- Born: May 11, 1986 (age 40) Baltimore, Maryland, U.S.
- Occupation: Actor
- Years active: 2008–present
- Spouse: Helen Cespedes ​(m. 2016)​

= Peter Mark Kendall =

American actor (born 1986)

Peter Mark Kendall (born May 11, 1986) is an American actor and musician with a career in stage, film, and television. He is known for playing the role of Hans in FX's The Americans and Richard Onsted in the CBS series Strange Angel.

==Early life==
Kendall was born in Baltimore, Maryland to a family that emigrated from South Africa.

He received a BA in theatre from McDaniel College, where he also studied jazz guitar.

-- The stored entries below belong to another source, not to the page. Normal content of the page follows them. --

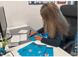
Viele Karten wollen geschrieben und eingetütet werden

Unter dem Titel „Licht und Klang“ lädt die beeindruckende Kreuzkirche am Hohenzollerndamm ein.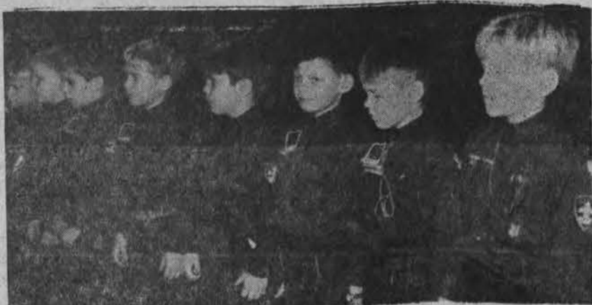
Bostono vilkiukai pasirošę įžodžiui iškilmingoje Žalgirio ir Baltijos tuntu sueigoje.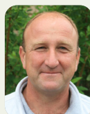
Stade Alex ZINDT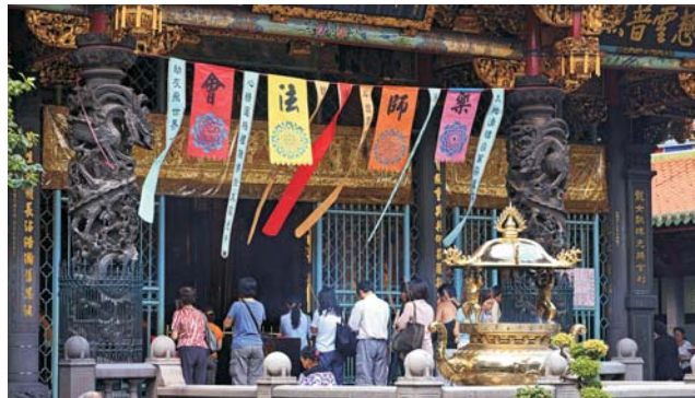
Gebet im Longshan-Tempel (Taipei)

Nach seiner enormen wirtschaftlichen Entwicklung, gehört Taiwan heute zu den Ländern mit dem höchsten Wohlstand. Der hohe Lebensstandard spiegelt sich in zahlreichen Bereichen wider: angefangen bei der hervorragenden Infrastruktur, über das Gesundheitswesen, bis hin zur vorbildlichen Bildungspolitik. Der unglaubliche Reichtum an chinesischen Kulturgütern und die teils atemberaubenden Landschaften dieser großen Insel lohnen auf jeden Fall die weite Anreise, die wir mit China Airlines im Direktflug ansteuern. Von den Portugiesen zu recht Ilha Formosa (die schöne Insel) genannt, lockt Taiwan bis heute mit einer einzigartigen subtropischen Vegetation. Der größte Teil der Insel wird durch Bergmassive mit fast 4000 m Höhe geprägt.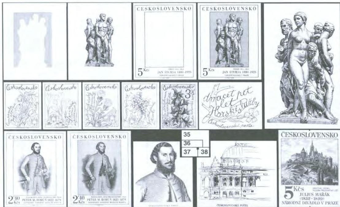
Obr. 35: Tři otisky rytin pro jednotlivé barvy známky 5 Kčs z emise Umění 1980, jejich soutisk a otisk rytiny pro FDC téže známky.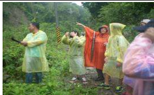
課外活動——悟洞野外植物觀察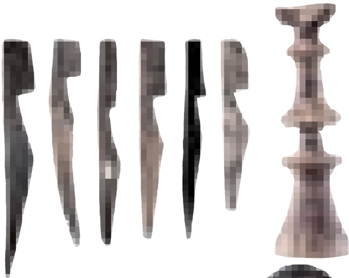
Hierboven: tentharingen van els, es en eikenhout. Rechtsboven: gedraaide beddenpoot van eikenhout. Hieronder: houten blokschaaf . Rechtsonder: druivenstok of vitis , een onderscheidingsteken van centurio's

Veel van het hout kon worden ondergebracht in zestien categorieën, variërend van wapens en dakbedekking tot textielbewerking en spel en ontspanning. Maar lang niet alles kon worden herkend. Lange: „Juist de objecten waarvan de functie niet bekend is, moeten worden gepubliceerd - bij Velsen weet ik van 209 fragmenten niet wat het is. Misschien weet iemand anders het wel.”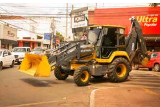
Retroescavadeira (recursos próprios da Prefeitura)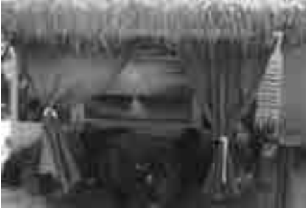
Uno de los ambientes de aprendizaje del Sendero Pedagógico.

El Sendero Pedagógico se evalúa sobre la base de la gestión asumida. En este sentido, las instalaciones tienen un estado favorable. Consta de nueve ambientes de aprendizajes y está previsto establecer otros: casas alegóricas por regiones del Ecuador. El tipo de gestión asumida ha sido por autogestión. El número de personas visitantes al Sendero Pedagógico asciende aproximadamente a 3000 personas.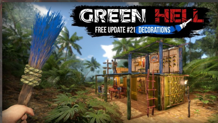
#21 Decorations PC premiera 03.09.2024 r.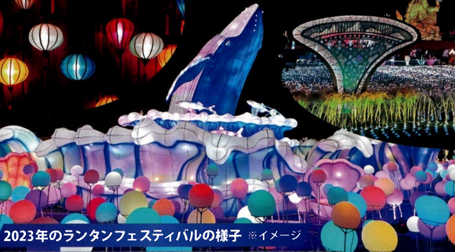
2023年のランタンフェスティバルの様子 ※イメージ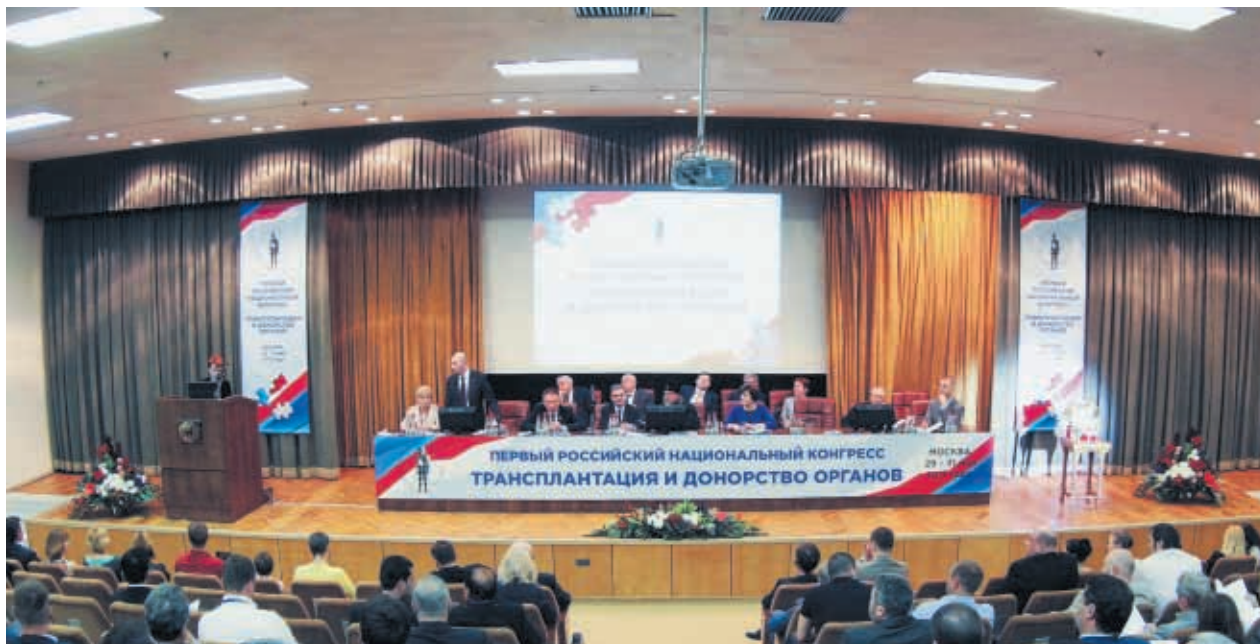
29–31 мая 2013 года в Москве состоялся Первый российский национальный конгресс «Трансплантация и донорство органов»

29–31 мая 2013 года в Москве состоялся Первый российский национальный конгресс «Трансплантация и донорство органов». Это первое в нашей стране событие такого масштаба, в фокусе которого – обсуждение всего комплекса ключевых вопросов трансплантологии и регенеративной медицины, имеющих не только научное и практическое, но и огромное социальное, общественное значение. Конгресс организован в соответствии с Планом научно-практических мероприятий Министерства здравоохранения Российской Федерации на 2013 год, утвержденным приказом Минздрава России от 23 апреля 2013 года № 245.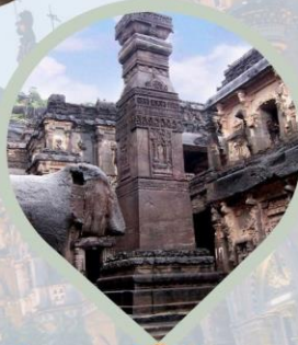
มถ้ำศรัยถ้ำไทรลา ไฮไลท์ ถ้ำ เอลโลร่า

He completed his MFA in Acting from Brown University in 2013.

==Career==
Kendall's acting career began after he obtained a role in the television series The Leftovers, and he played the role of Tom Henney. Thereafter, he played roles in Chicago Med, The Americans, and Girls.

He made his first appearance in film playing Connor in Time Out of Mind. Kendall starred on Broadway in Six Degrees of Separation, The Harvest, Blue Ridge, Mercury Fur, and The Rose Tattoo. He has also composed music for film, podcasts, and ads with Hickory Collective.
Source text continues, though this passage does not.